Output, word for word, each line from the one with "Начнем со свининки." through the end of the listing below, excluding every picture.

*** Opening of Material provided ***

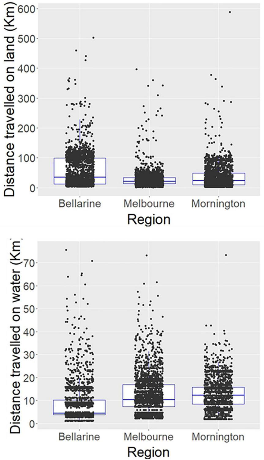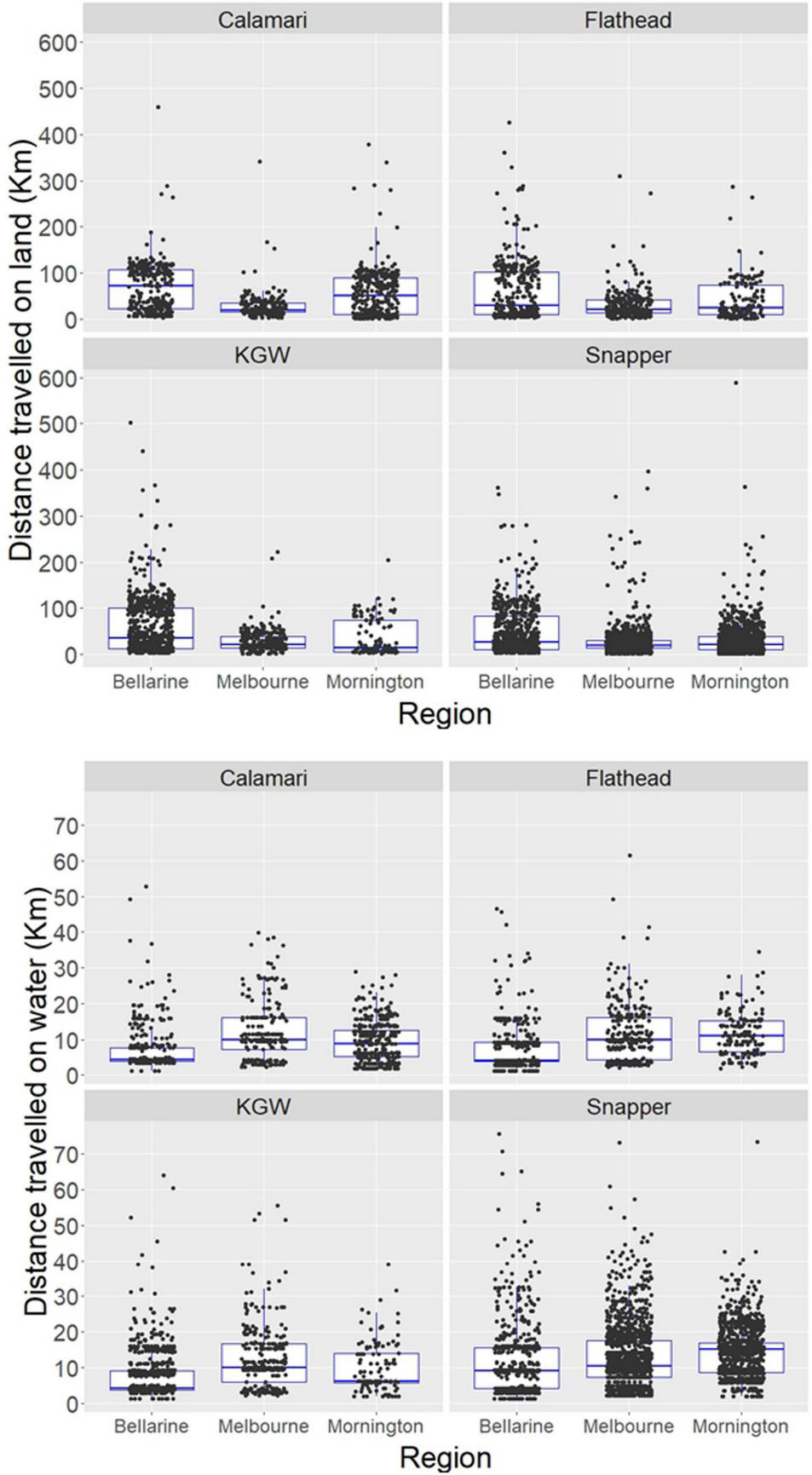 Regional patterns (Bellarine, Melbourne and Mornington) in angler travel distance on land and water pooled among species and years. Each dot indicates an angler trip.
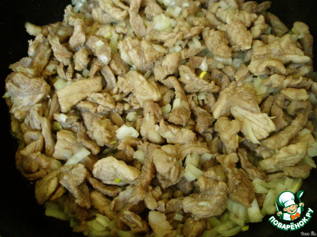 Начнем со свининки. Мелко нарежем ее соломкой или кубиками и обжарим немного.
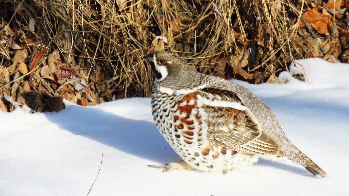 花尾榛雞在雪中覓食。

*** Close of Material provided ***

Completed task —
 Начнем со свининки. Мелко нарежем ее соломкой или кубиками и обжарим немного.
 花尾榛雞在雪中覓食。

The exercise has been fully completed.